Pope to feed hundreds of poor at special Sunday lunch, Mass
By PAOLO SANTALUCIA and NICOLE WINFIELD, Associated Press
Nov 17, 2017 12:08 PM CST
In this photo taken Thursday, Nov. 16, 2017, a man walks past a homeless sleeping on the steps of a building, in Rome. On the morning of Sunday, Nov. 19, 2017, Pope Francis will host some four thousand poor and vulnerable people in St Peter's Basilica and after a Mass 1.500 of the guests will have lunch...   (Associated Press)

VATICAN CITY (AP) — Pope Francis will be offering several hundred poor people — homeless, migrants, unemployed — a lunch of gnocchi, veal and tiramisu when he celebrates his first World Day of the Poor in the spirit of his namesake, St. Francis of Assisi.

Francis begins the events Sunday with a Mass for an estimated 4,000 people in St. Peter's Basilica. Afterward, about 1,200 will join him for lunch in the Vatican's audience hall, where they'll be serenaded by the Vatican gendarmes' band and a children's choir. The rest will have lunch at nearby pontifical colleges.

Giuseppe Capurso, a homeless man from Bari, says he'll be there for the event, even if he doesn't expect much.

"I am like in a tunnel, where I can never see the light at the end," he said from the small room he shares at the St. Giacinta homeless shelter.

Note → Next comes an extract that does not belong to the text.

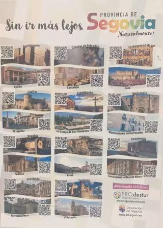 Entre la oferta informativa, figura la relativa a pueblos como Aguilafuente, Carbonero el Mayor, el Real Sitio de San Ildefonso, El Espinar, Maderuelo, Prádena, Riaza, Turégano o Villacastín, hasta sumar un total de 22 localidades, mientras que por lo que se refiere al código cuyo contenido dirige a los folletos temáticos, los turistas podrán encontrar propuestas de deporte y aventura, turismo de eventos, Parques Naturales y Nacional, turismo familiar, turismo enológico, turismo arqueológico, turismo gastronómico, encierros campestres, observación de la naturaleza, turismo religioso o patrimonio industrial, entre otra veintena de ejemplos.

Francis has championed the plight of the poor, saying in one of his first public encounters after his 2013 election that he wanted a "church that is poor and for the poor." He has built showers, a barber shop and laundry for the homeless who live around the Vatican, and on his birthday has invited a few to join him for cake.

On Thursday, the Argentine Jesuit made a surprise outing outside the Vatican walls to visit the makeshift health clinic set up for the week leading up to Sunday's Mass that is offering free visits with cardiologists, dermatologists, gynecologists and experts in infective diseases. The Vatican called it a "field hospital" — the term Francis himself has used to describe the church he wants: one that welcomes in the poor and wounded and gives them merciful aid.

In a letter announcing the day celebrating the poor, Francis called his namesake "an outstanding example" of how deeds, and not just empty words, are needed to address the challenges posed by poverty. St. Francis was the 12th-century founder of the Franciscan religious order who renounced his wealth to live as a beggar.

"Tragically in our own time, even as ostentatious wealth accumulates in the hands of a privileged few — often in connection with illegal activities and the appalling exploitation of human dignity — there is a scandalous growth of poverty in broad sectors of society throughout the world," the pope said.